Instructions to follow
Before writing anything, find the line that contains "OHLGT handhållen minifläkt, 3", then retype the entries below exactly from their first line through that one, without pictures.

Available data
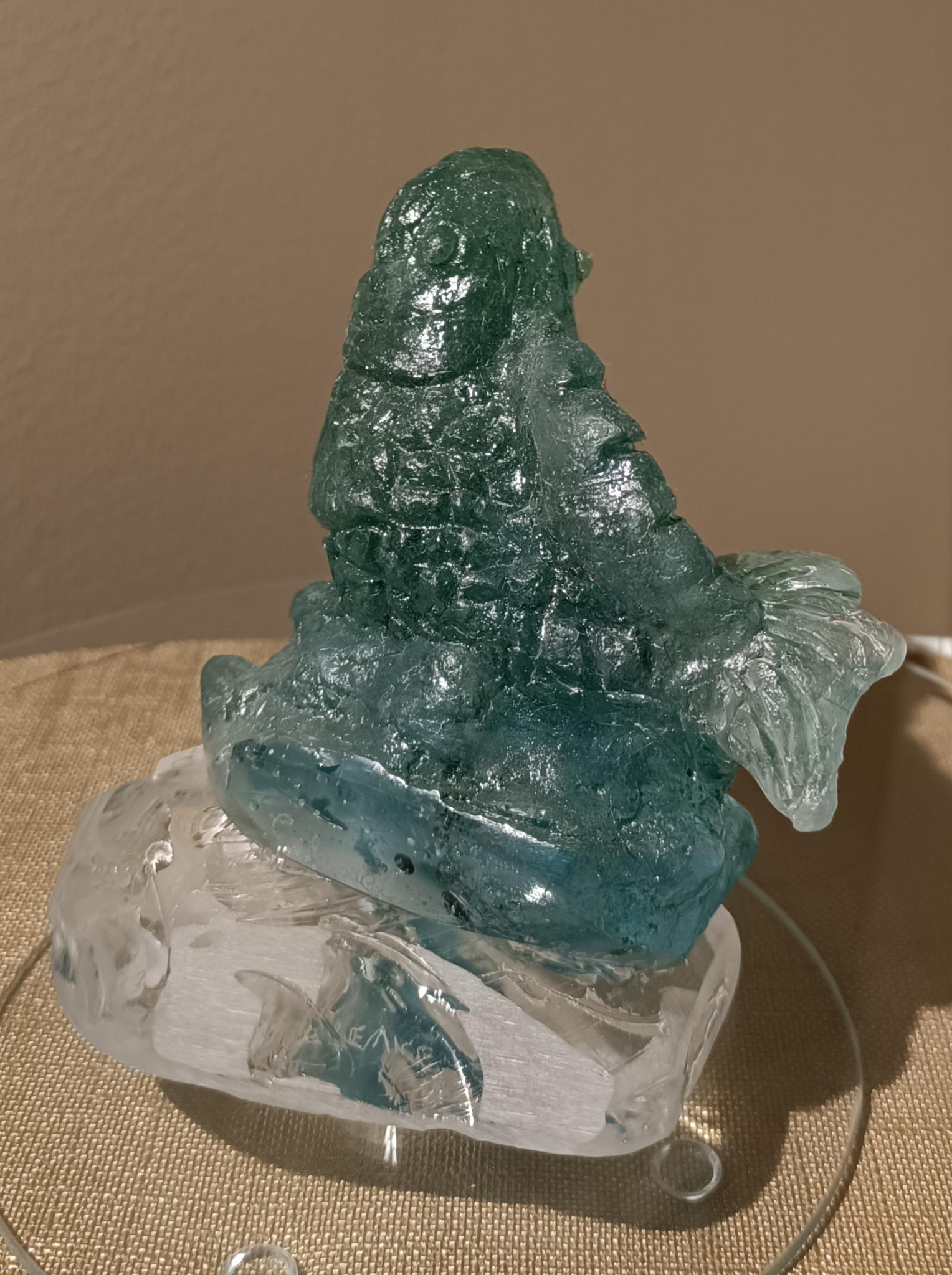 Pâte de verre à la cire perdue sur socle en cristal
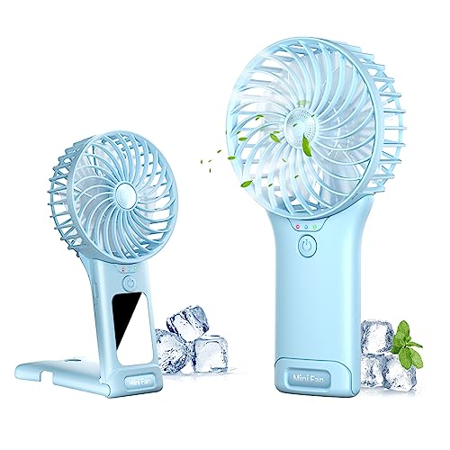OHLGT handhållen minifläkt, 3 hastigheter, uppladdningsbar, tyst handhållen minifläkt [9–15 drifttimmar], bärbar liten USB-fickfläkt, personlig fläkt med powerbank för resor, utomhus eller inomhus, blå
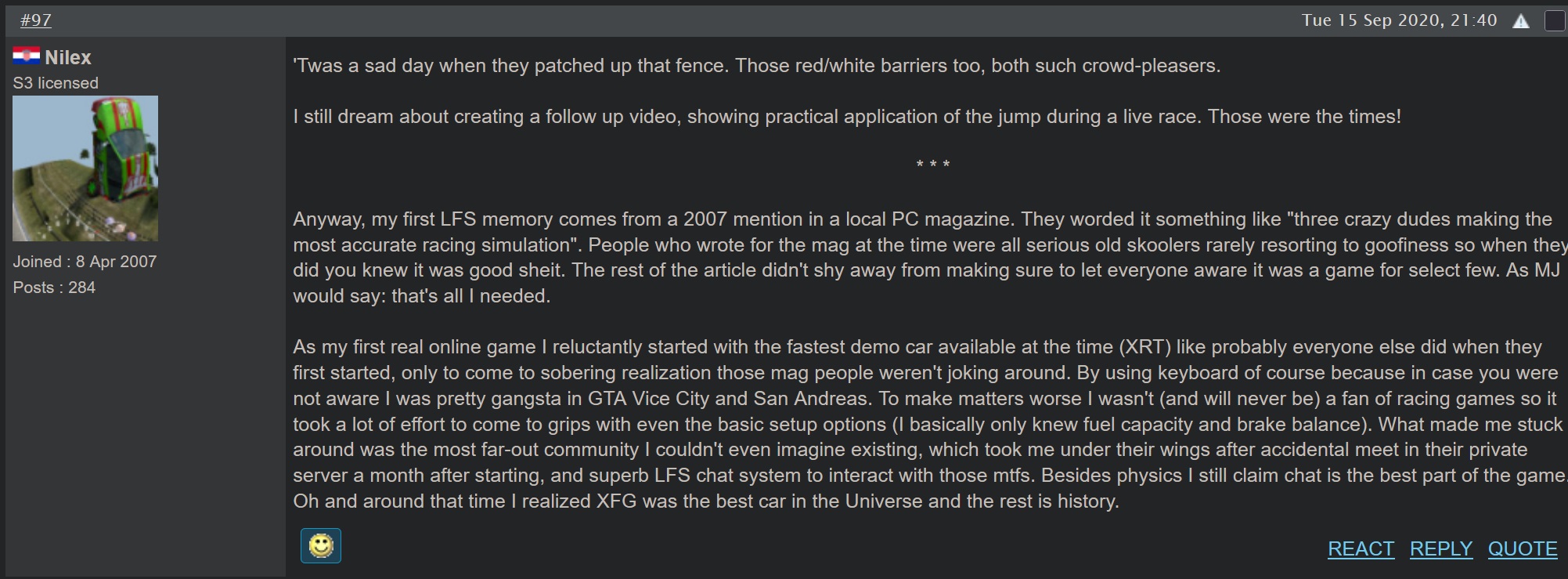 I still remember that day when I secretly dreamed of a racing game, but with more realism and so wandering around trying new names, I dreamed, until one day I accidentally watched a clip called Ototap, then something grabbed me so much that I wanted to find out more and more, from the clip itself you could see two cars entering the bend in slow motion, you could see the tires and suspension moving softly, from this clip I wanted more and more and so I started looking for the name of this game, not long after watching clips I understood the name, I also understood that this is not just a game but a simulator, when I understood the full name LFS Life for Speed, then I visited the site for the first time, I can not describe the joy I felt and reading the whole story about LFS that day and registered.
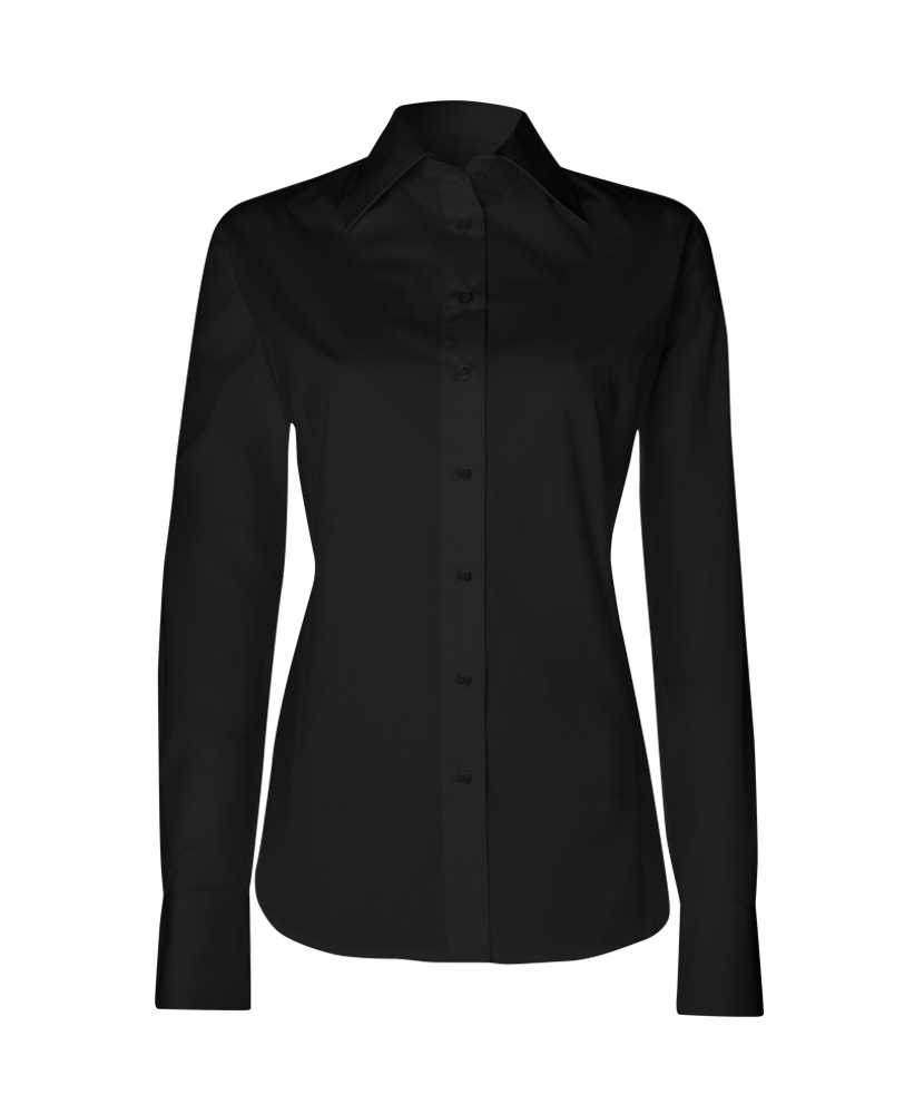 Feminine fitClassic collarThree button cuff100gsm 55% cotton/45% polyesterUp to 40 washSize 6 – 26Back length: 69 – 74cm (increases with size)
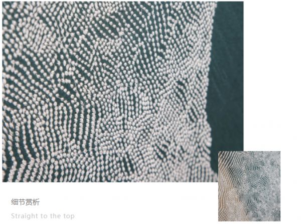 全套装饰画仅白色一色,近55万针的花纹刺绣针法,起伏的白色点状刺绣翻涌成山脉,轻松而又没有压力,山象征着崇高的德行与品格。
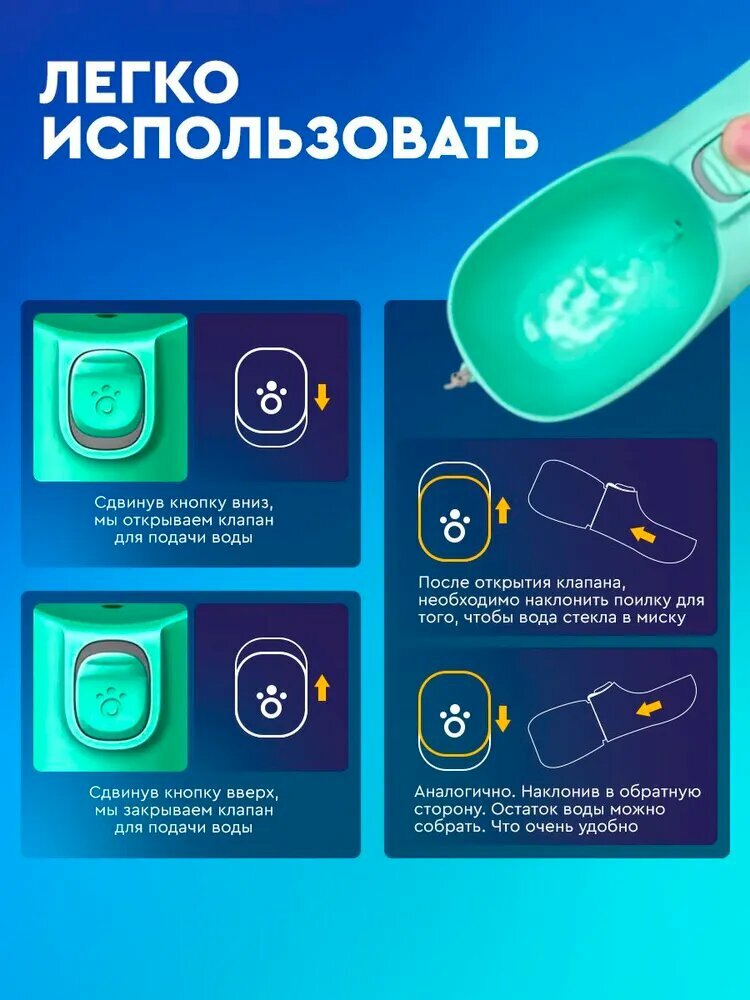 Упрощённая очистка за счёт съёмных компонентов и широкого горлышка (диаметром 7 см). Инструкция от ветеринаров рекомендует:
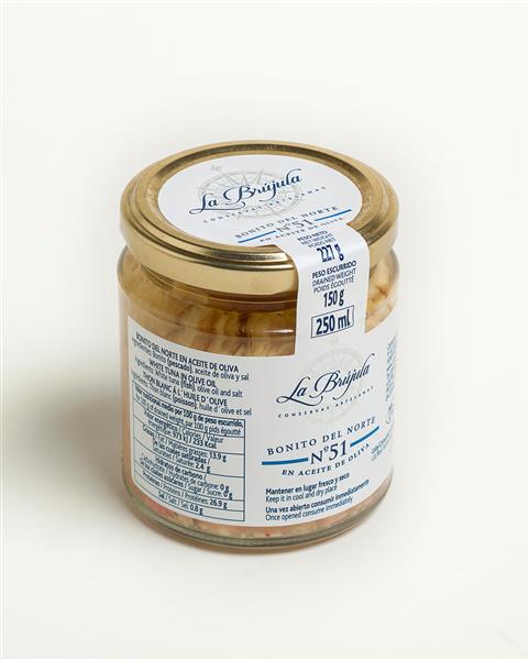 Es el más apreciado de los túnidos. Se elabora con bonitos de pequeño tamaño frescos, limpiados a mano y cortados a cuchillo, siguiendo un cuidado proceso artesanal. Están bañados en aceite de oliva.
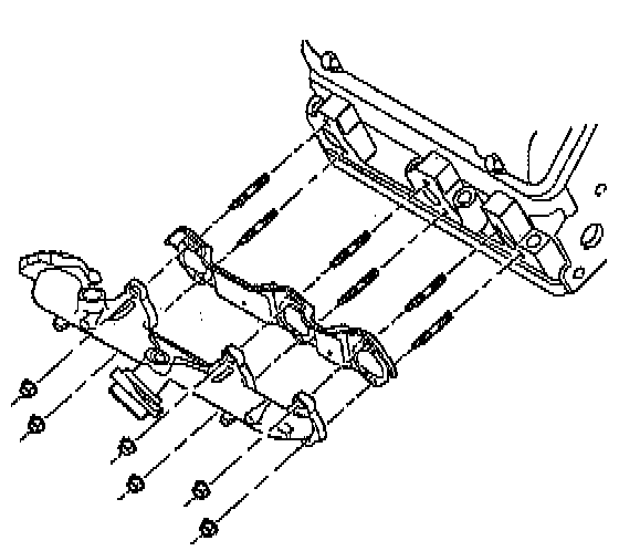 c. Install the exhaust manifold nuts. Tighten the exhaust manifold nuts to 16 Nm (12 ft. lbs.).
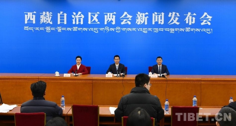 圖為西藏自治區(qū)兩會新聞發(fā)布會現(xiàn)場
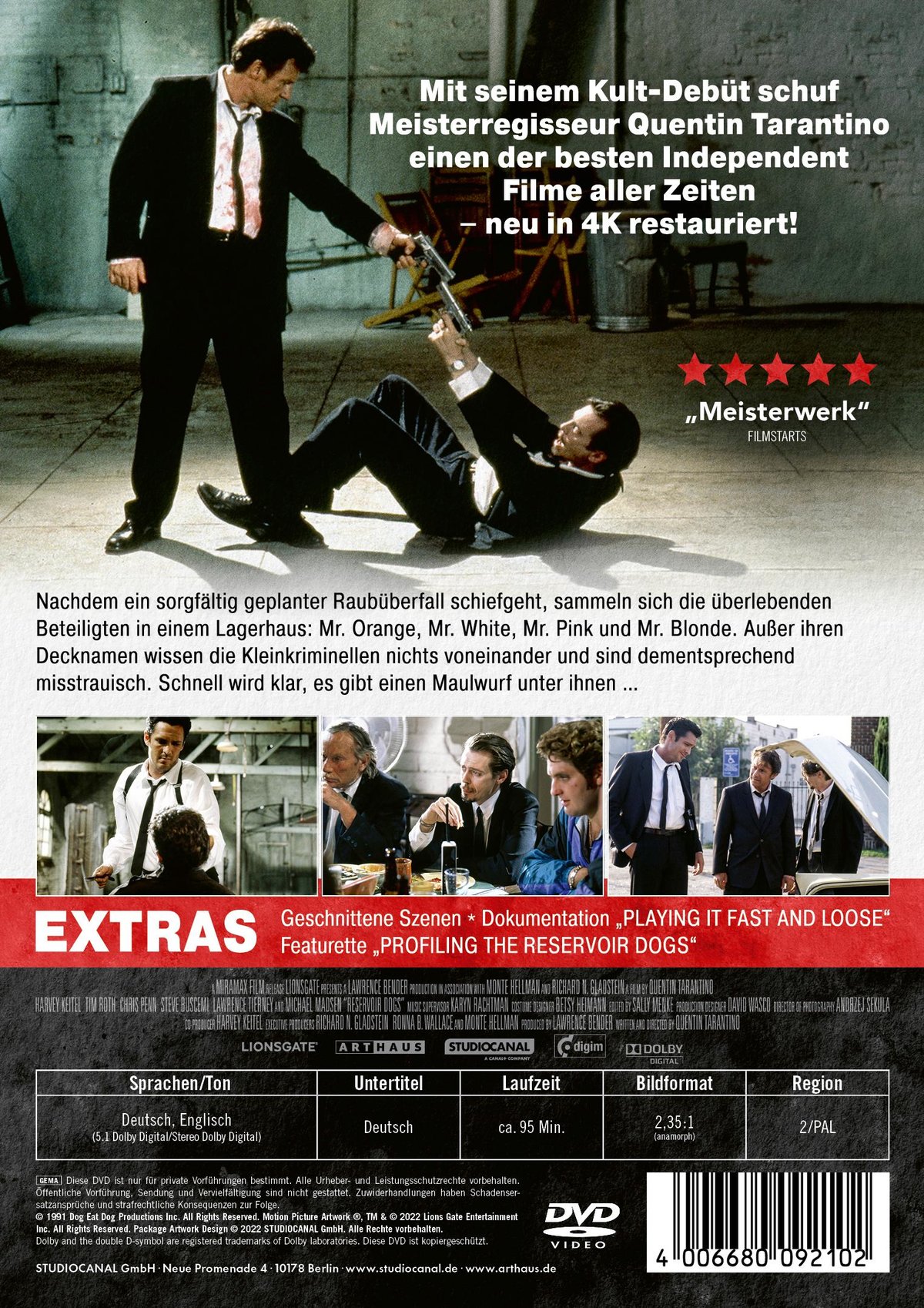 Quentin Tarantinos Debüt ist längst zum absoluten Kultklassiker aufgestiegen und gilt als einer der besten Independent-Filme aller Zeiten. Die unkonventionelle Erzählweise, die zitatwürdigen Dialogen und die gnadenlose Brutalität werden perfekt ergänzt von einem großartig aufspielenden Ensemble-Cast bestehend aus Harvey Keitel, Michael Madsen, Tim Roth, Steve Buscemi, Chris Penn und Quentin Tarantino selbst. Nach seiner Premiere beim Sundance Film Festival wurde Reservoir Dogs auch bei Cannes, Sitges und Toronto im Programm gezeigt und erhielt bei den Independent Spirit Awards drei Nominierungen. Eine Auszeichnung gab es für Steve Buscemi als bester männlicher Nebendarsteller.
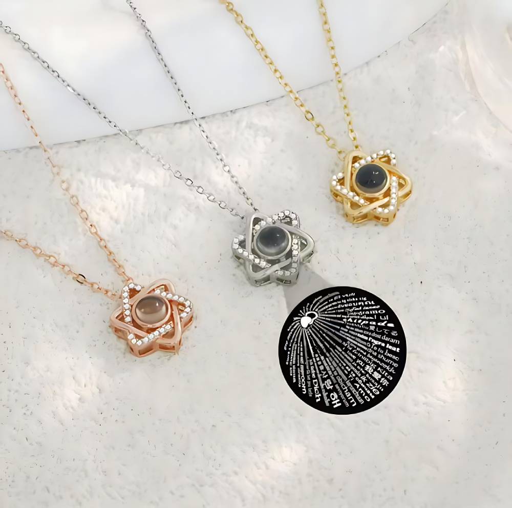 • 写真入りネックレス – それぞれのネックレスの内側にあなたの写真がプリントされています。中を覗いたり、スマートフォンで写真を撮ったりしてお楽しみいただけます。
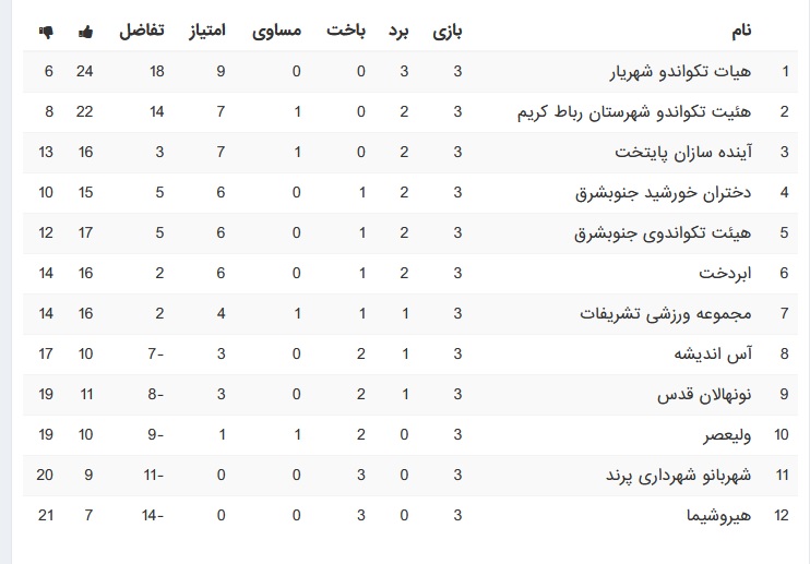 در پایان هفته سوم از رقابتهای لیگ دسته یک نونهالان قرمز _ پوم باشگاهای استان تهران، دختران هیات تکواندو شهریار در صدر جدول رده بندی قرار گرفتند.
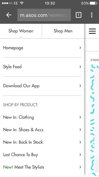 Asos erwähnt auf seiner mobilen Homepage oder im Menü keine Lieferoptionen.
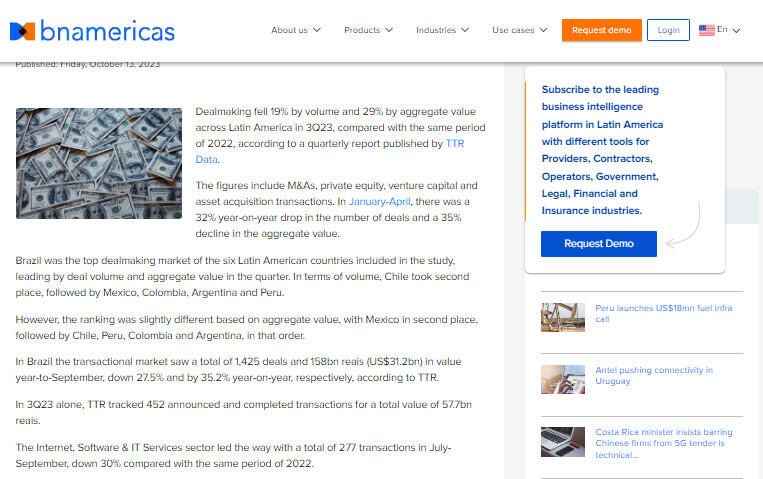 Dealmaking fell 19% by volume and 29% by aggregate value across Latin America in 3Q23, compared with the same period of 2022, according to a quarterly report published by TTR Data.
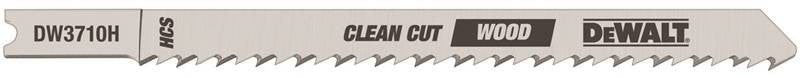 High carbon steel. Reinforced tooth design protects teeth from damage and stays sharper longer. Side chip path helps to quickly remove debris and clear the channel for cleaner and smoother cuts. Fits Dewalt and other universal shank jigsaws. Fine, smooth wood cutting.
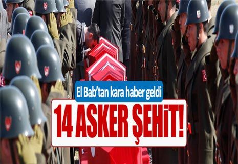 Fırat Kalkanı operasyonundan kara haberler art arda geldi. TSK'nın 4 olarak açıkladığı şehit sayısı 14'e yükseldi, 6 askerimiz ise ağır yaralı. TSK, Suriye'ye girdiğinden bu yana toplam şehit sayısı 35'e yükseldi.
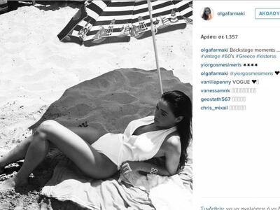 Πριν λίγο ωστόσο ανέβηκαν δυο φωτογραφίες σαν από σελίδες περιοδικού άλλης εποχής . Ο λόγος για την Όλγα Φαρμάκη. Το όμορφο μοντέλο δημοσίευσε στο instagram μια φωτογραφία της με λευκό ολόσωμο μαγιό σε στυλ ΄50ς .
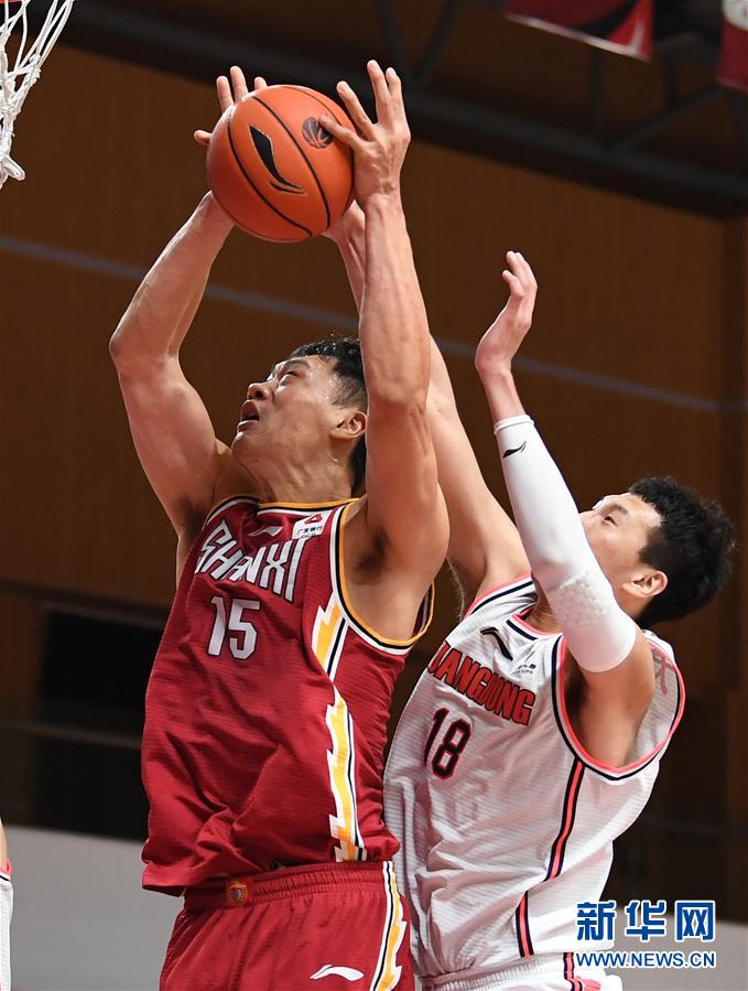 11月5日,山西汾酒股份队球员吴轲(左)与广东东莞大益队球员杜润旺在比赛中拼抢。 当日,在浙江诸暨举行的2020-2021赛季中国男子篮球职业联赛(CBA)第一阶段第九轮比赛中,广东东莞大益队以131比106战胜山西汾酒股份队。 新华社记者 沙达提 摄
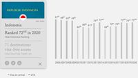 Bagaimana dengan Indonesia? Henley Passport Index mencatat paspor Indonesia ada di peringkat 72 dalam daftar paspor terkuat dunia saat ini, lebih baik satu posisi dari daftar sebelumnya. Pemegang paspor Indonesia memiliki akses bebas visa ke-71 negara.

Response to this exercise
 Pâte de verre à la cire perdue sur socle en cristal
OHLGT handhållen minifläkt, 3 hastigheter, uppladdningsbar, tyst handhållen minifläkt [9–15 drifttimmar], bärbar liten USB-fickfläkt, personlig fläkt med powerbank för resor, utomhus eller inomhus, blå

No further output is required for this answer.